公式サイト構築・再構築(技術編)(その5)

今回も最近のWebでの動向を踏まえた技術的なお話しをしていきます。

前回も少しお話ししましたが、スマートフォンやタブレットでの画像表示は増えてきています。見やすさや理解への手助けという点ではとても有効です。

最近の屋外でのネット環境は4G(第4世代移動通信システム)がほぼ標準となり、以前のように画像を表示する時間を気にするようなことはいらなくなりました。2年後の2020年には5G(第5世代移動通信システム)の商用化も進んでいます。4Gの100倍の速度ですから、高精度の画像でもすぐに表示されると思います。

しかし、容量的な制約はまだ残っています。
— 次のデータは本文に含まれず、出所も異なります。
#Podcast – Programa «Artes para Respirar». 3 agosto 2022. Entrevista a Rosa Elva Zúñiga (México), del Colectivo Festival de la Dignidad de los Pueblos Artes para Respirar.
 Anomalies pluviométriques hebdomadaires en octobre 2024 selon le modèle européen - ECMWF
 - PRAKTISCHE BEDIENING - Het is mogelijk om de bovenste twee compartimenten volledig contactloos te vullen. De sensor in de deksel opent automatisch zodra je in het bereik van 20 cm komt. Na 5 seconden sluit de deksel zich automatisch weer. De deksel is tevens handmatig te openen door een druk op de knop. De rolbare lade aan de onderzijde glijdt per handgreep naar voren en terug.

大容量プランは提供されていますが、料金は決して安くありません。格安スマホと呼ばれる低価格の月額料金ですむサービスはだいたい3GB以下です。パソコンサイトのように普通の画像はもちろん、ちょっとした表までデザイン優先で画像にするのはあまり好ましいことではありません。

少し話が脱線しますがスマホでの画像サイズはちょっと曲者です。最近のスマホは高解像度になりました。昔の低い解像度のスマホと歩調を合わせるための工夫が必要になります。
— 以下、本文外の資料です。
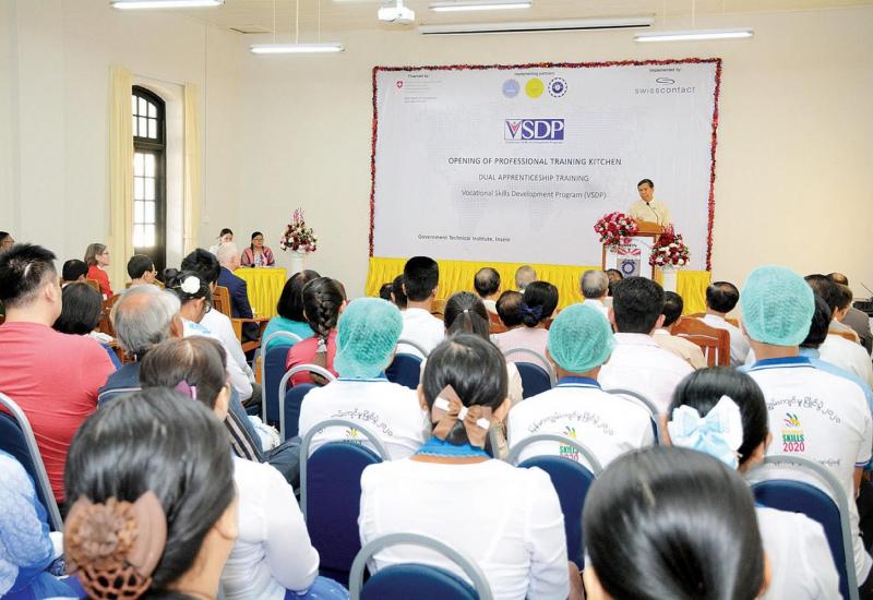 ပညာရေးဝန်ကြီးဌာန၊ နည်းပညာ၊ သက်မွေးပညာနှင့် လေ့ကျင့်ရေးဦးစီးဌာနနှင့် ဖွံ့ဖြိုးမှုမိတ်ဖက် အဖွဲ့အစည်းဖြစ်သည့် Swiss Agency for Development and Cooperation (SDC)တို့ ပူးပေါင်း၍ အစိုးရစက်မှုလက်မှုသိပ္ပံ (အင်းစိန်)တွင် ဖွင့်လှစ်ထားသည့် သက်မွေးပညာ ကျွမ်းကျင်မှု ဆိုင်ရာလေ့ကျင့်ရေး စားဖိုဆောင် (Professional Training Kitchen) ဖွင့်ပွဲအခမ်းအနားကို ယမန်နေ့က ရန်ကုန်တိုင်းဒေသကြီး အင်းစိန်မြို့နယ်ရှိ အစိုးရစက်မှုလက်မှုသိပ္ပံ (အင်းစိန်)တွင် ကျင်းပသည်။

そのため、パソコンのように画面サイズ(画素数)とブラウザで表示される画素数が一緒ではありません。デバイスピクセルと呼ばれる物理的な画素数とCSSピクセルと呼ばれる表示用の画素数が異なっているのです。これはiPhone、Androidスマホの両方とも同じで年々差が大きくなっています。つまり、解像度の高いスマホに対応するにはCSSの設定をきちんと行い、高解像度の画像を用意し、低解像度のスマホでも困らないように低解像度の画像も用意するといった複数の画像を用意しないときれいに見えないのです。
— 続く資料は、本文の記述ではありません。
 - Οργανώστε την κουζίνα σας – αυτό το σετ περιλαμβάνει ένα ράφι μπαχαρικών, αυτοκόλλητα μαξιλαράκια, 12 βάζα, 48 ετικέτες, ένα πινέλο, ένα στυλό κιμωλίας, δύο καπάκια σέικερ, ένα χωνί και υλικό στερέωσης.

結果的に容量の制限を気にしながら、スマホの解像度に応じた画像を提供するのはなかなか大変なのです。かといって、パソコンの高解像度画像をそのままもってきて、表示サイズ(width、height)を変更させるのも望ましくありません。容量が大きくなるので通信量が増えるうえに表示に時間がかかるからです。

そこで今回紹介するのが、AMP(Accelerated Mobile Pages)という手法です。アンプと呼びます。

AMPはGoogleとTwitterが共同で策定しているモバイル端末でのホームページを高速に表示させる仕組みです。表示速度をあげるためにいくつかのHTMLタグが禁止されていたり、専用のタグを使ったり、非同期スプリクトのみ許可されていたりと制約があります。ただし、対応しているページはGoogleにキャッシュ(一時的な保存)をしてもらえるので、高速なサーバーからページを見てもらうことができます。4倍の速度で表示されるとの話ですので、時間かかって表示されるページには大きな効果だと思います。

しかし、準備が意外と大変なせいか思ったより普及していません。読込速度を気にしなくていいような画像が少ないページでは効果も大きくない可能性があります。

facebookもInstant Articlesと呼ばれる仕組みがあります。こちらも設定することで読込スピードが速くなるそうです。サイトによっては10倍との話もありますがそこまでは早くないとの話も出ています。こちらも専用の手続きが必要なためにさらにひと手間かかりそうです。

Word PressのようなCMSの場合は専用のプラグインがあるのでそれほど手間はかかりませんが制約はあります。

いずれにしても表示速度が速いと記事をきちんと読んでくれて、結果として離脱率が減るなどの効果はあるようです。画像が多めの記事を多く投稿するようなサイトの場合は検討する価値はありそうです。